Part Number: TPS61072
Other Parts Discussed in Thread: TPS61071

The TPS61072 variant of the TPS6107x family doesn't seem to be included in the more detailed documentation of the datasheet or app notes. I was asked to check out TPS61072 for conversion efficiency with ~1V input over a lower power range ~<100mW.

The first issue was inductor choice. The TPS61072 runs at half the conversion frequency of its counterparts, doubling ripple current.

From an efficiency point of view, a lower peak to average switch current ratio will generally work better. When average input current is not expected to go much over 100mA, the typical 400mAppk produced by recommended parts didn't seem to make much sense, nor did they produce very efficient results.
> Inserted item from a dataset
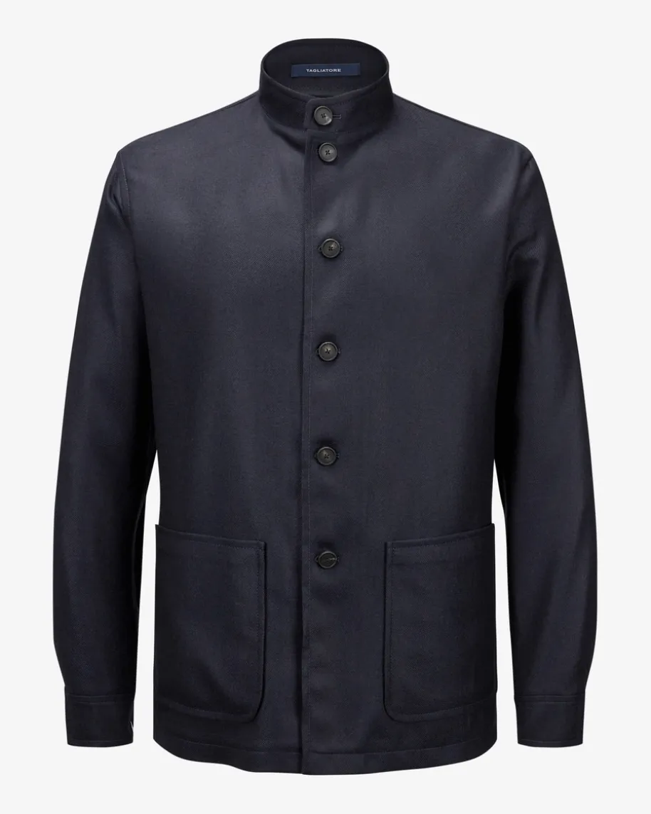 G-Klein Woll-Shirtjacket für Herren von Tagliatore in Navy. Dank demhochwertigen Schurwoll-Cashmere-Mix punktet das Stehkragen-Modell mit weichemGriff sowie edler Optik, welche die dezente Streifen-Struktur gekonntunterstreicht – Ein kombistarkes Herbst-Essential für maskuline Looks.

Which brings up the second issue larger inductance effects on chip behavior.

I could meet or exceed published efficiency behavior (for companion TPS61071) if the choke value was in the region of 33 to 120uH. However the larger choke values cause the output voltage regulation discontinuity (Fig 7 and 8 of the family data sheet) at much lower current/power levels. The voltage regulation discontinuity that is illustrated to occur above 100mA (>330mW) in the spec sheet figures is present in a 33uH circuit at 15mA (36mW).

There was also a stability issue - if you could call it that.

At loads near zero, with the 120uH choke (the most efficient, despite double turns and half copper x-section), the chip starts to, not so much oscillate, as go chaotic.
 Large (400mA 100uSec) reverse current surges develop, at a rep rate dependent on average load. The circuit doesn't snap out of this condition until the (2V4) load is increased above a 40mA/100mW level.

The larger choke also shifts the DC output set-point voltage from the nominal 2V4 produced with the 33uH choke, to a voltage that's ~45mV higher.

This voltage regulation discontinuity isn't explained or justified in the app notes. How and under what load-time constraints is the DC regulation loop altered internally? It must make transient loading a really curious sight, depending both on load transient amplitude and duration. There is also no suggestion that choke values or ripple current levels will modify DC voltage set-points. Is this part of the same internal circuitry?

There is some mention of feedforward capacitance that may be necessary if choke values are increased, to improve stability and transient response. Is this the chaotic condition that is being referred to? Won't the shifting DC set-point act as a chaotic 'attractor'?

Rob Legg

legg@magma.ca

  • Hi Legg
    sorry but fully understand your post. how do you get 400mAppk with TPS61072?
  • Jasper,

    I guess you don't.

    Seeing 160mA ppk, on the scope,  I just plugged in some numbers and transposed a 2 from numerator to denominator to get the scarier figure. At my current and power levels(<100mA input), the 160mAppk was scary enough.

    The efficiency improvements achieved with higher inductances were demonstrated in collected data.

    ve3ute.ca/.../170727_TPS61072_Mezzanine_Efficiency.pdf

    Where 400mA did show up, was in the reverse current period in the chaotic condition. Probably this etched the wrong number deeper into my consciousness.

    The set-point and regulation effects are illustrated in the following graph:

    The work was confirmed in a layout-compliant test bed.

    ve3ute.ca/.../170725_TPS61072_ Layout_Compliance_Coupon.pdf

  • Using the ~chaotic rep rate as  f_nocff  from eq 6 of SLVA289A, I applied a 1n0 feedforward cap, and larger choke values allowed efficiency measurements to be made. There was no change from the previous record, though no-load currents reduced by about 1mA.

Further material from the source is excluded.